Durante as oficinas realizadas neste projeto, fui-me apercebendo que, após a pergunta “O que é um problema?”, surgem muitas outras: O que é realmente um problema e como o ultrapassamos? Que problemas existem no mundo? Eu tenho problemas? O que sinto quando tenho um?

E se eu pudesse mudar o mundo? Tenho sempre de encontrar uma solução? Quanto tempo tenho para encontrar a solução? Após reflexão e debate sobre estas ideias, surgiu o grande impulso para este projeto - o problema enquanto construção de uma solução e de uma conquista. Que caminho percorro nessa descoberta? E como o percorro? Como encontrar soluções coletivas e individuais?

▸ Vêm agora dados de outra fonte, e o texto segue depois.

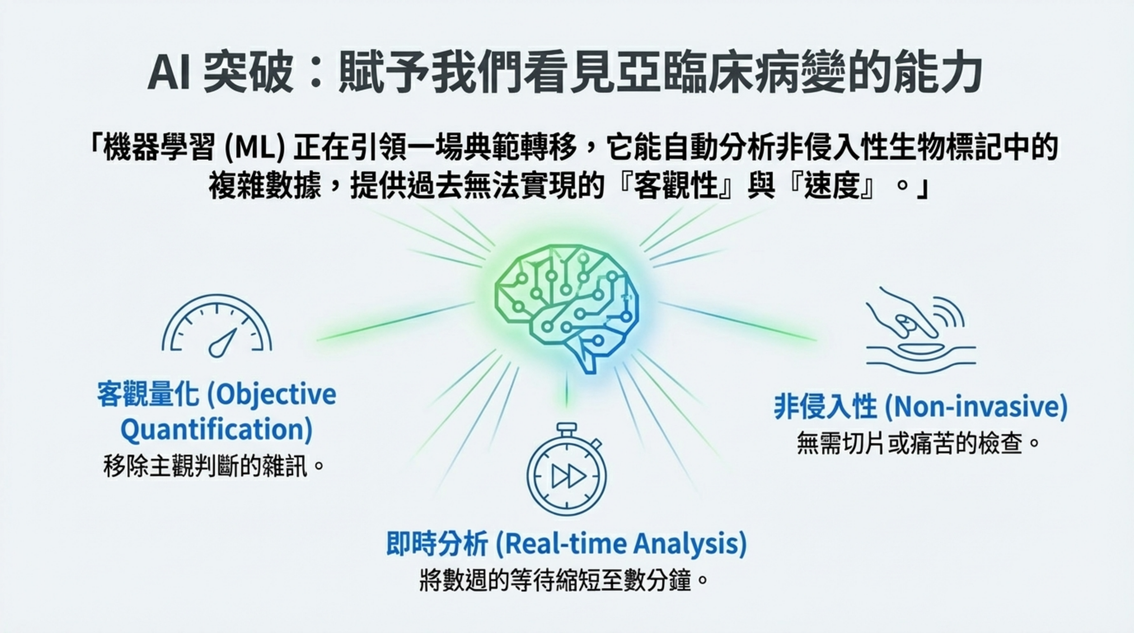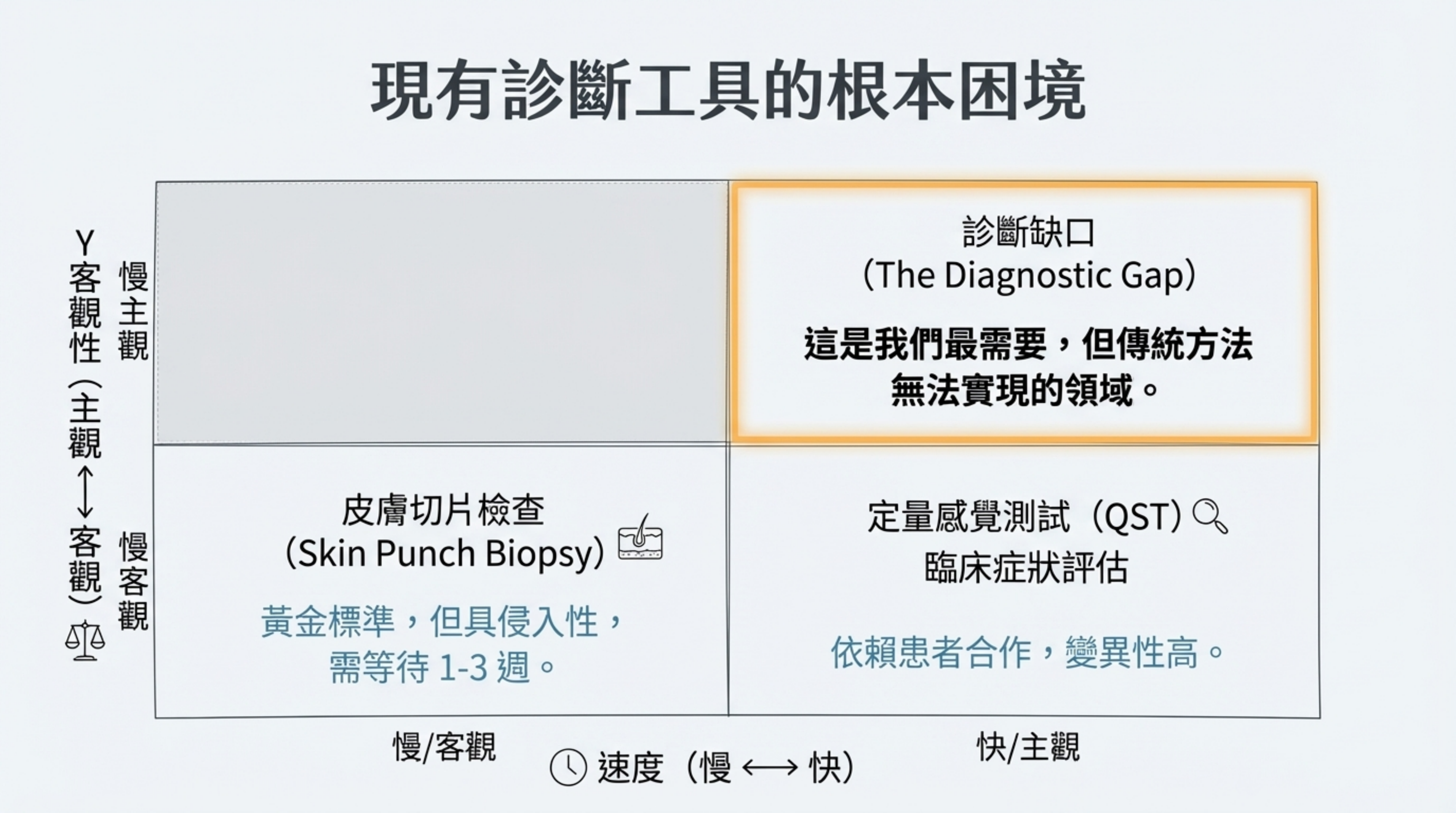 診斷缺口 (The Diagnostic Gap): 右上角「快/客觀」的區域是空白的。臨床迫切需要一種既像切片一樣客觀,又像問診一樣快速的工具,這正是 AI 的切入點。

Oficina Artística com a ASAS –Instituição de Solidariedade Social © direitos reservados

Em O Que é um problema?, há elementos que vão aparecendo: definem-se espaços em que se vai dançar, acumulam-se instrumentos que vão originar a música. Os próprios corpos vão aparecendo progressivamente, tal como a música se vai construindo em cena, recorrendo a algumas gravações feitas em directo. Tanto a construção coreográfica como a musical vão sendo pontuadas pela disparidade, criando sobressaltos nas figuras, no continuum da dança ou na harmonia da música. Está-se sempre no domínio dos limites e das limitações, de margens, mas também da expansão para lá dessa delimitação, contrapondo-se à fragmentação do corpo e à contenção do movimento o recurso a vectores de força centrífuga. Paralelamente, a predominância inicial de linhas e formas rectas vai dando lugar à circularidade e a elementos redondos.

Esta opção por dar a ver e a ouvir progressivamente, e por elementos de metamorfose corporal e transformação geométrica, tem uma ressonância particular ao considerarmos que o processo criativo assentou na observação da adolescência. É na assunção de escolhos e contrariedades que se vai desenhando uma identidade, é na percepção do que é um problema e no equacionar de uma solução que traçamos quem somos, redesenhando a nossa relação com as outras pessoas, com o mundo. Esta vontade de se colocarem no lugar da adolescência não acontece com as intérpretes a forçarem uma caracterização nesse sentido, mas sim deixando surgir uma respiração impregnada desse estádio de desenvolvimento pessoal, às vezes quase num estado de candura.